◆ Provided material
---+---
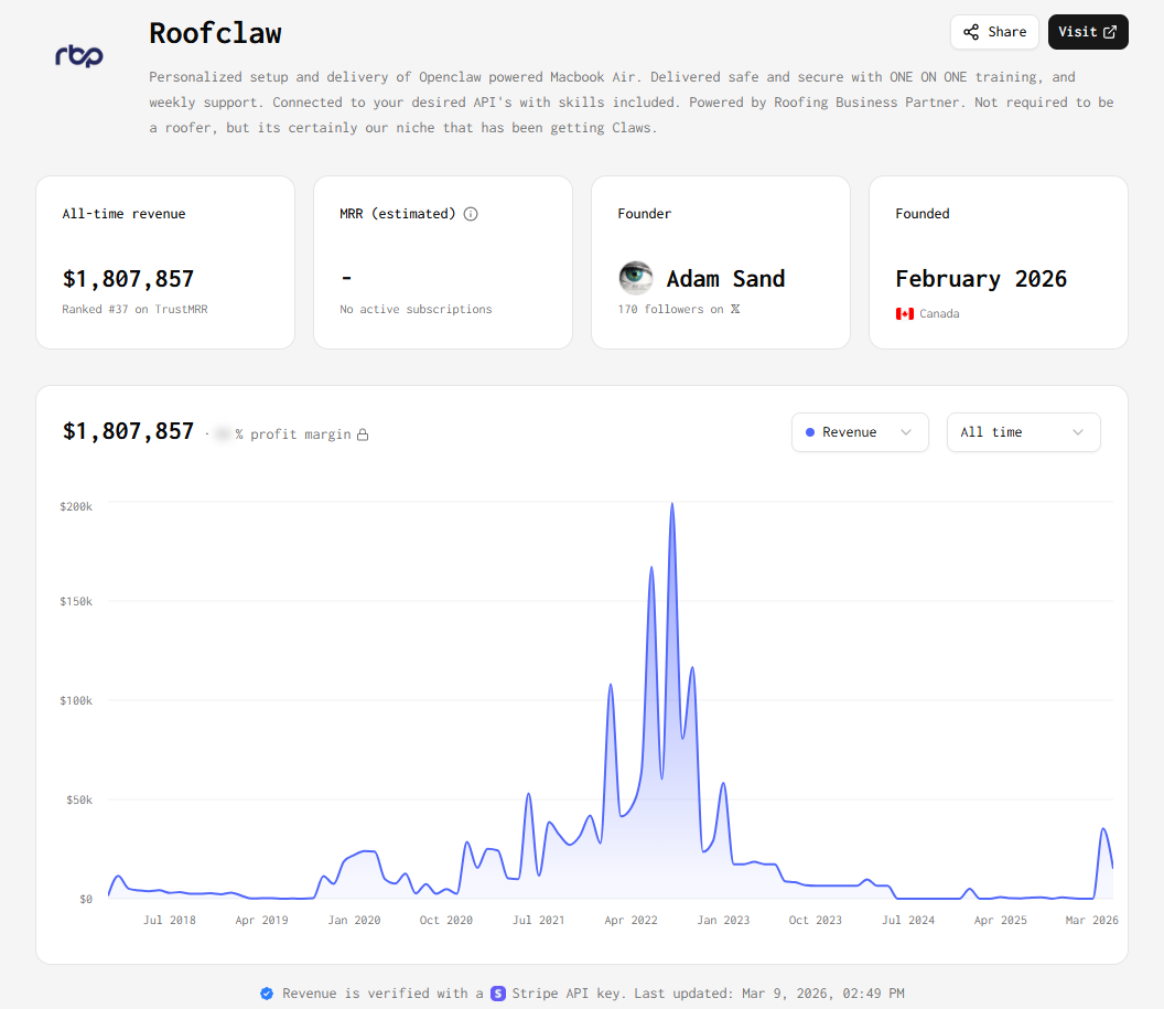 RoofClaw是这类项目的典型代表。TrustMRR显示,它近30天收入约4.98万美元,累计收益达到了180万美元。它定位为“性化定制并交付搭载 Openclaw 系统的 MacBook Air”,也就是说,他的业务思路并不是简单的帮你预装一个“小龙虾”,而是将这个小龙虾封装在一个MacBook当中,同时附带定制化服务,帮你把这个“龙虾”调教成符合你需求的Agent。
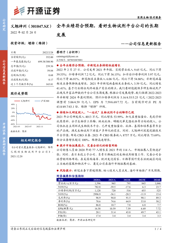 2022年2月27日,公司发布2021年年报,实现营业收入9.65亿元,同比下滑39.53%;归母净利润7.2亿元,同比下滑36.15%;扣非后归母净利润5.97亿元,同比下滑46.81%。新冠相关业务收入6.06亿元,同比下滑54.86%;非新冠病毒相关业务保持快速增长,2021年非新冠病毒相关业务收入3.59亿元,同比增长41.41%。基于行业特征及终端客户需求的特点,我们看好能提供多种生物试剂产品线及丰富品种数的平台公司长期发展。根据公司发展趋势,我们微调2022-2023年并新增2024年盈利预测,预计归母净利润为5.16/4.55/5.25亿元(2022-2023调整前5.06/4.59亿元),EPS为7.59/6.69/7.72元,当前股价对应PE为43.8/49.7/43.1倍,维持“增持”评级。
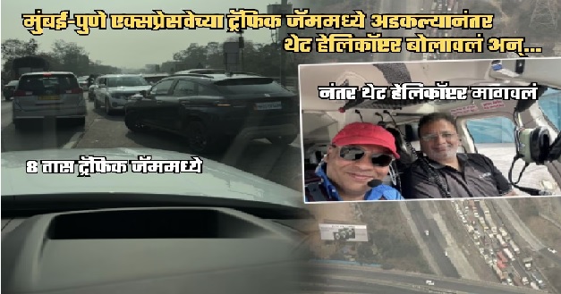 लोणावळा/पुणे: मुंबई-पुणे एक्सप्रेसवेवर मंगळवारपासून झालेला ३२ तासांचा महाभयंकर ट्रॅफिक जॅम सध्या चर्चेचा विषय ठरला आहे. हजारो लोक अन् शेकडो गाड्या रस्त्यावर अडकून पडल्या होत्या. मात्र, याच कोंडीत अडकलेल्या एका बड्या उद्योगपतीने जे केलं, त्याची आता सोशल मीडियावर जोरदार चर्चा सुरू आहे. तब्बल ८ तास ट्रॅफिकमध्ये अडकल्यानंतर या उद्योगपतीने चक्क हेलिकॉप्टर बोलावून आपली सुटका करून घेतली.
---+---
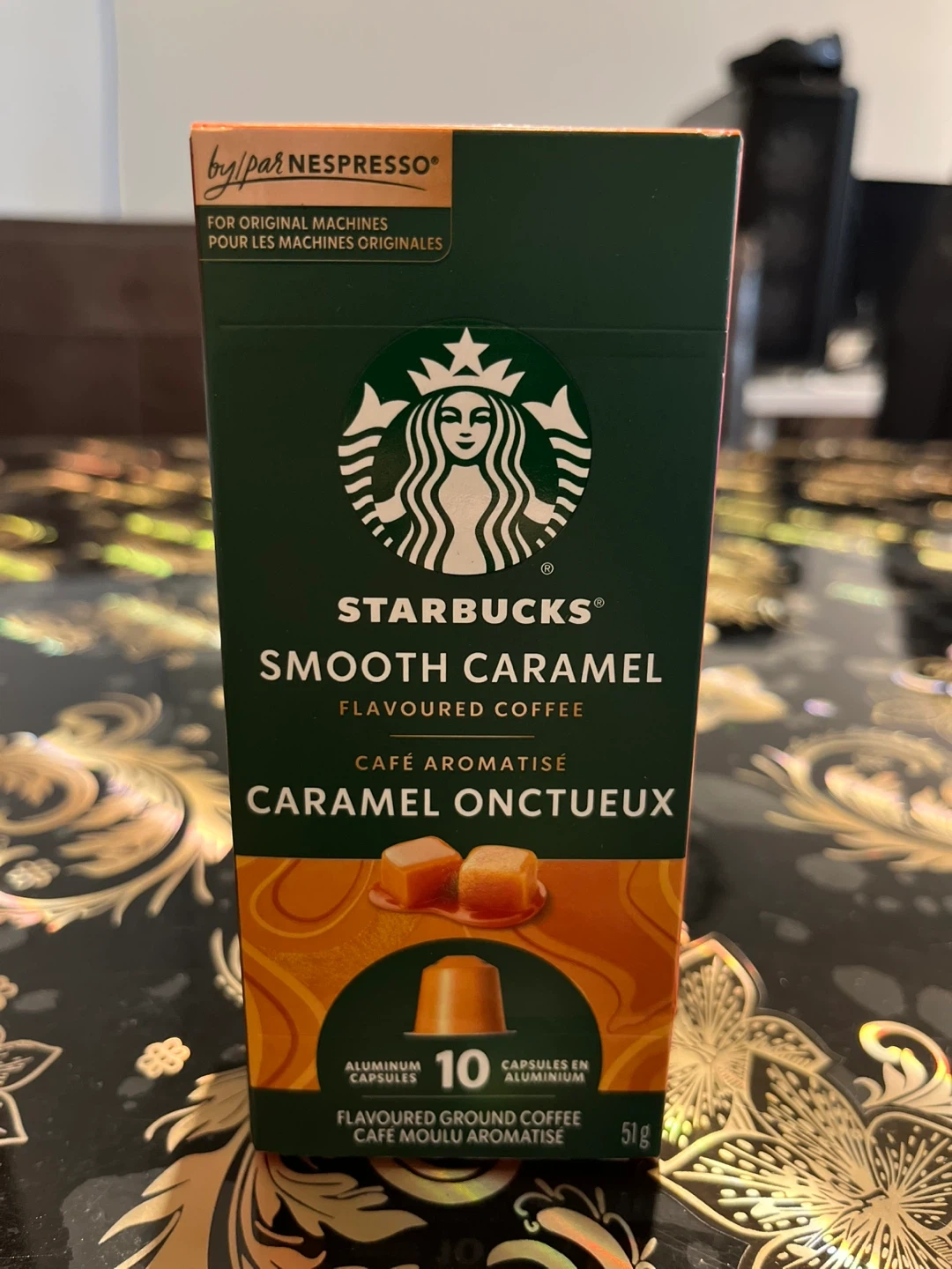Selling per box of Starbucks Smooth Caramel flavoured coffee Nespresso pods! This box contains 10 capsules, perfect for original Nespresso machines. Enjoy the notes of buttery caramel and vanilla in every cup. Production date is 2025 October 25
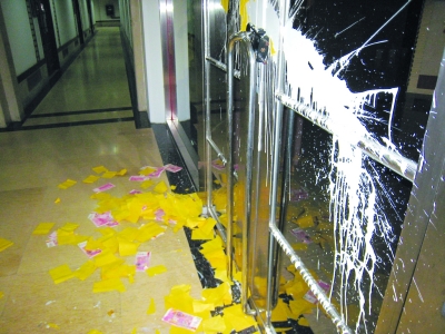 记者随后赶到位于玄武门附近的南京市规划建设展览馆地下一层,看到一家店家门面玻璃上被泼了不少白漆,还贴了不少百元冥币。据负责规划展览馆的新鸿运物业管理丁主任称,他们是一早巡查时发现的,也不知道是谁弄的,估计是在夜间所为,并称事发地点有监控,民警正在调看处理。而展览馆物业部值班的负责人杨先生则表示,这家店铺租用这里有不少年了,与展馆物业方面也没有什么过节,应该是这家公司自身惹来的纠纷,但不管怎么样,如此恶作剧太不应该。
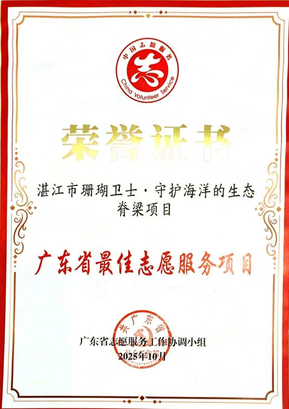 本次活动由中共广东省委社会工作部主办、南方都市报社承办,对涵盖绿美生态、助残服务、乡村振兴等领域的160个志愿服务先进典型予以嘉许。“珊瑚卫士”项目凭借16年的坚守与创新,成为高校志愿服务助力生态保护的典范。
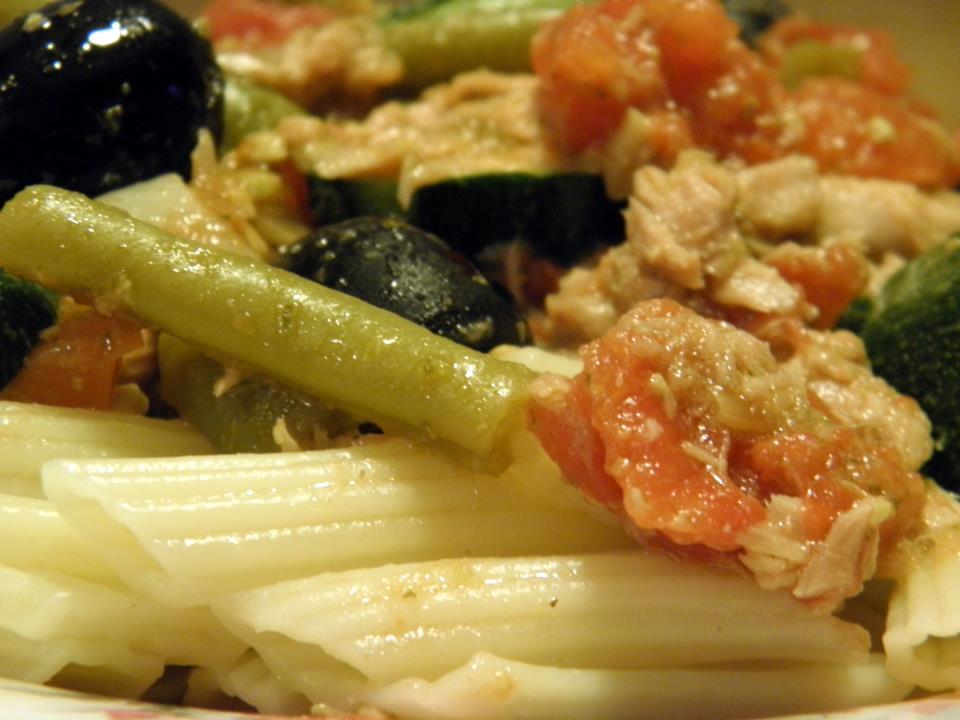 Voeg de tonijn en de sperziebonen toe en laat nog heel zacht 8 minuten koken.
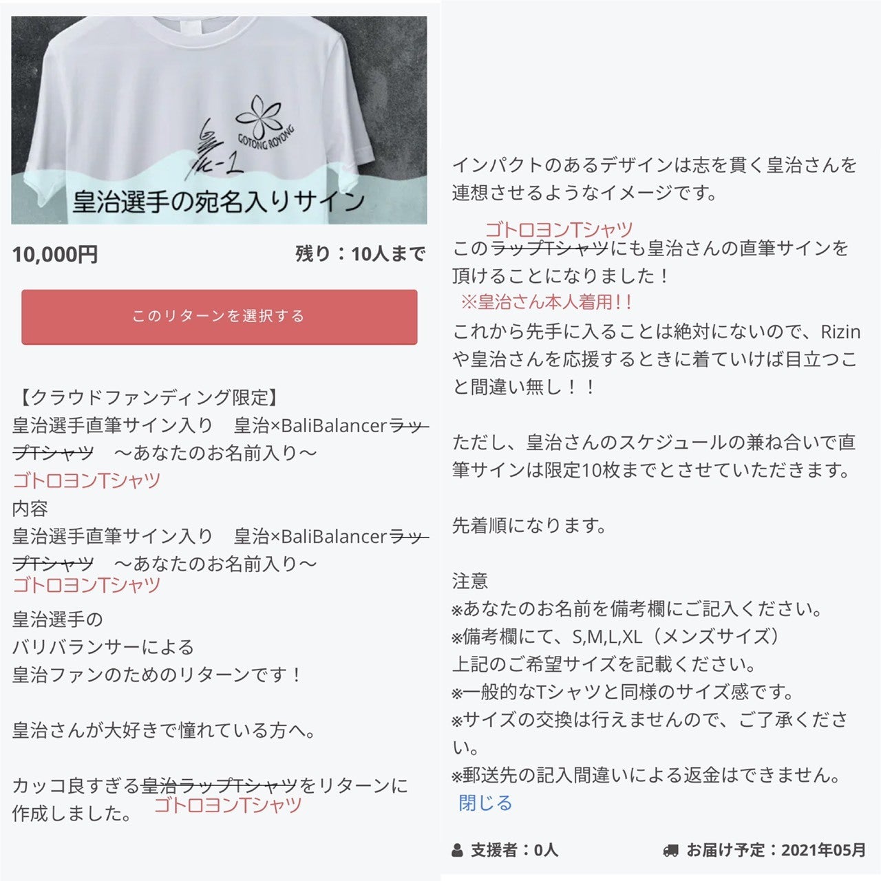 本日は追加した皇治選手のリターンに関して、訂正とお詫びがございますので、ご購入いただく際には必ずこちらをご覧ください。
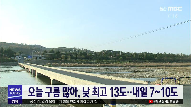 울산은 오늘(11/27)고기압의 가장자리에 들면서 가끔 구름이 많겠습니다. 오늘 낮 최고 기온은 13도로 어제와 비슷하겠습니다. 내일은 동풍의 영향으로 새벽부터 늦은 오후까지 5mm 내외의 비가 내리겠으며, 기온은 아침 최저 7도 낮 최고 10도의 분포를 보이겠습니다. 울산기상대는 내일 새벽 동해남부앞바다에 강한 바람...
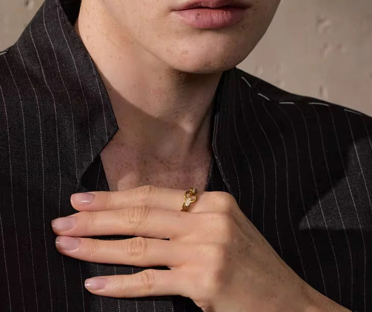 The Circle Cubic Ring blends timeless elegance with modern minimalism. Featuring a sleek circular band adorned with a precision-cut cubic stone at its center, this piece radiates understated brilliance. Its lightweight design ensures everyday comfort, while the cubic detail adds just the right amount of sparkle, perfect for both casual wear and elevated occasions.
---+---
◆ About this exercise
Everything above from the line containing "Voeg de tonijn" down to the line containing "The Circle Cubic" is to be duplicated exactly, both lines included, and the pictures are to be omitted.

◆ Problem solution
 Voeg de tonijn en de sperziebonen toe en laat nog heel zacht 8 minuten koken.
 本日は追加した皇治選手のリターンに関して、訂正とお詫びがございますので、ご購入いただく際には必ずこちらをご覧ください。
 울산은 오늘(11/27)고기압의 가장자리에 들면서 가끔 구름이 많겠습니다. 오늘 낮 최고 기온은 13도로 어제와 비슷하겠습니다. 내일은 동풍의 영향으로 새벽부터 늦은 오후까지 5mm 내외의 비가 내리겠으며, 기온은 아침 최저 7도 낮 최고 10도의 분포를 보이겠습니다. 울산기상대는 내일 새벽 동해남부앞바다에 강한 바람...
 The Circle Cubic Ring blends timeless elegance with modern minimalism. Featuring a sleek circular band adorned with a precision-cut cubic stone at its center, this piece radiates understated brilliance. Its lightweight design ensures everyday comfort, while the cubic detail adds just the right amount of sparkle, perfect for both casual wear and elevated occasions.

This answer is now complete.